UnB: 10 anos da ocupação de 2008!

Assembleia Estudantil de 9 de Abril de 2008: reocupação da Reitoria da UnB.

Daqui a um mês completam 10 anos que a reitoria da UnB foi ocupada por estudantes. Naquele tempo a UnB figurava nas páginas policiais dos jornais com denúncias de corrupção que pairavam, primeiramente, contra o então reitor Timothy Mulholland. A relação promíscua com fundações de apoio de direito privado, sobretudo a FINATEC, mergulhou a UnB numa forte crise. O patrimonialismo foi tão latente que Timothy morava em um apartamento que era, ao mesmo tempo, residência e representação institucional do GRE (Gabinete do Reitor), ou seja, as contas de água, luz e mobília para o local eram pagos pela UnB, mas desfrutados sem possibilidade de fiscalização pela família do ex-reitor.

O CONSUNI (Conselho Universitário), teoricamente o maior espaço deliberativo da universidade, reuniu-se nas férias de verão para discutir o tema e Timothy afirmou jamais ter visto tamanha perseguição da imprensa à reitoria da universidade. Disse ainda que um dos motivos para tal perseguição foi o modelo de cotas raciais adotado pela UnB em 2004, tentando mitigar os efeitos da crise nos discentes despolitizados. Em vão: após duas assembleias no Ceubinho que não surtiram efeito, a reitoria desdenhou da organização dos estudantes e deixou apenas dois guardas patrimoniais na rampa da reitoria. Na quinta-feira, dia 3 de abril, o 3º andar da Reitoria, onde encontram-se o Gabiente do Reitor e Salão de Atos da Reitoria foi ocupado por cerca de 150 estudantes, um número baixo comparado ao de outras ocupações.

A reitoria da UnB é um prédio relativamente grande e difícil de ser totalmente ocupado. Daí as ocupações concentrarem-se no 3º andar. Como ocorre em todas as ocupações, o reitor ordena que se bloqueie a rampa, desligue os elevadores e reforce a subida da rampa pelo térreo, esperando que os ocupantes desçam e não permitindo a subida de mais pessoas. A estratégia da reitoria foi acertada: no final de semana, a ocupação esvaziou, principalmente por alunos que tiveram sua primeira experiência de ação direta e os que tinham provas próximas. Na Segunda-feira, dia 9 de abril, a ocupação contava com cerca de 60 pessoas – eu fiz esta contagem! Era necessário reocupar o prédio ou a ocupação terminaria naquele dia. Uma assembléia foi marcada para meio-dia e a maioria de 1.600 discentes presentes decidiram reocupar o prédio. Houve pancadaria entre estudantes e prestadores de serviço, sendo que alguns lá estavam a contragosto.

O resultado foi o início de um processo que culminou na destituição da administração da universidade, com fortalecimento de estudantes e técnico-administrativos enquanto categoria, materializado parcialmente no modelo de Paridade Potencial de “eleição” para a reitoria.

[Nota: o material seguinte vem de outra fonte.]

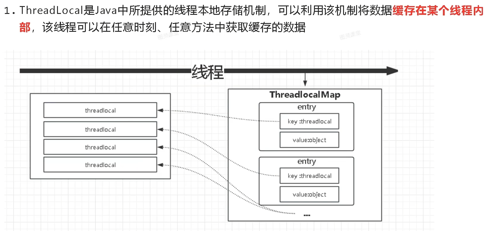每一个Thread对象中都存在着一个ThreadLocalMap,key为threadlocal对象,value为需要缓存的值,可以简单的理解为threadlocal是一个操作线程中ThreadLocalMap的一个工具类。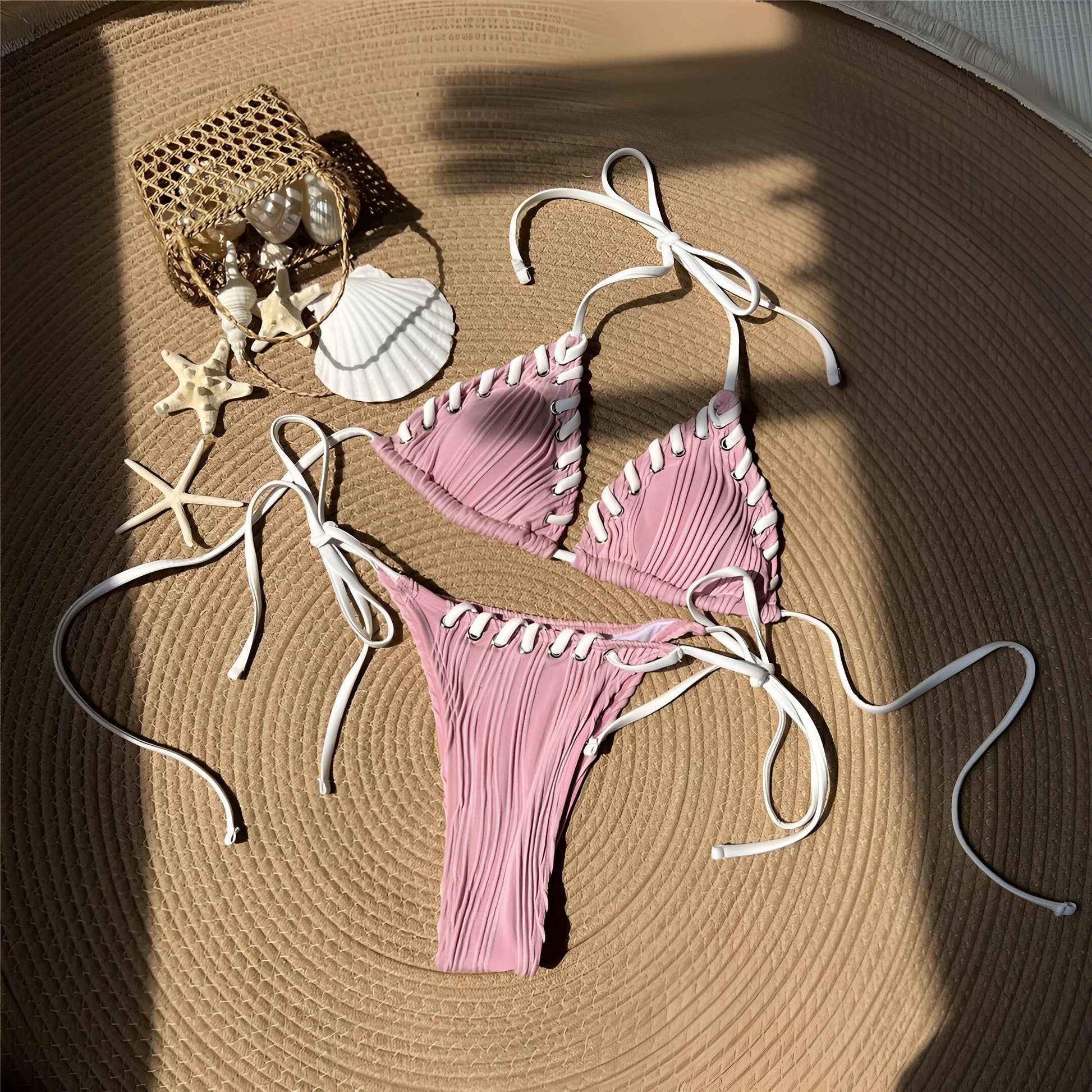 The KEKOKINIS CROSSO Bikini Set features a trendy 3-color halter design with stylish straps and a high leg cut that flatters your figure beautifully. Perfect for any swim occasion, this low waist swimsuit combines comfort and fashion effortlessly, making you stand out wherever you go.

Para quem acompanhou o movimento pela televisão, achou que o motivo da revolta eram as lixeiras de aproximadamente mil reais compradas pelo ex-reitor para a cobertura na 210 norte, mas a dinâmica do movimento revelou outras demandas mais importantes.

 

Estudantes

 

A gestão do DCE da UnB, “Nada será como antes”, havia tomado posse no dia 1º/11/2007, fim de semestre letivo. Logo, a crise caiu como um grande desafio ao grupo que era composto pela juventude do PSOL, PSTU e estudantes independentes, dentre estes, o Instinto Coletivo, grupo o qual eu participava e que havia ficado em 2º lugar nas eleições pro DCE de 2006. Fortaleceu-se também, durante a ocupação, o grupo Reconstruindo o Cotidiano, com membros ligados à Articulação de Esquerda, corrente interna do PT.

A UJS (União da Juventude Socialista), juventude do PC do B, estava enfraquecida após compor com a juventude da DS (Democracia Socialista), outra corrente do PT, a gestão Para Todos (2006-2007). Continuou desgastada após a ocupação, principalmente por ser diariamente denunciada pela Oposição CCI (Classista, Combativa e Independente), atual RECC. Outros estudantes autonomistas organizavam-se no MPL (Movimento Passe Livre) e foram essenciais na organização de ações direta de segurança do local.

Por fim, havia a UEI (União dos Estudantes Independentes), grupo heterogêneo criado em 2007 por estudantes insatisfeitos com a greve docente – e que teve um racha ideológico relevante com o processo de ocupação da reitoria. Embora muitos estudantes da UnB não saibam, a UEI foi o germe que culminou na criação da Aliança pela Liberdade, grupo de orientação liberal que ganhou quatro eleições para o DCE da UnB. A juventude tucana até arriscou alguma aproximação no momento de efervescência política e mobilização estudantil, mas não obteve o mínimo êxito.

Estes foram os principais grupos estudantis que fizeram parte da mobilização de 2008 e que mudaram um pouco a cultura de hegemonia docente na UnB.

 

Técnicos

 

Historicamente, o PT foi o partido que esteve à frente do SINTFUB (Sindicato dos Trabalhadores da Fundação Universidade de Brasília). Assim como nas outras universidades brasileiras, a UnB sustenta a excrescência de haver dois sindicatos: ADUnB (Associação dos Docentes da UnB) e SINTFUB para representar servidores de uma mesma fonte pagadora. Contudo, a categoria dos técnicos sempre foi a mais personalista, com grupos que rondavam nomes e nem sempre projetos políticos, por mais que fossem distintos.

A gestão do SINTFUB também tinha mais cadeiras na FASUBRA (Federação de Sindicato de Trabalhadores Técnico-Administrativos de Instituições de Ensino Superior Públicas do Brasil) e monopolizava o debate sindical de forma bastante ruim, pautando basicamente a defesa da URP, uma gratificação correspondente à 26,05% do vencimento básico dos servidores da UnB.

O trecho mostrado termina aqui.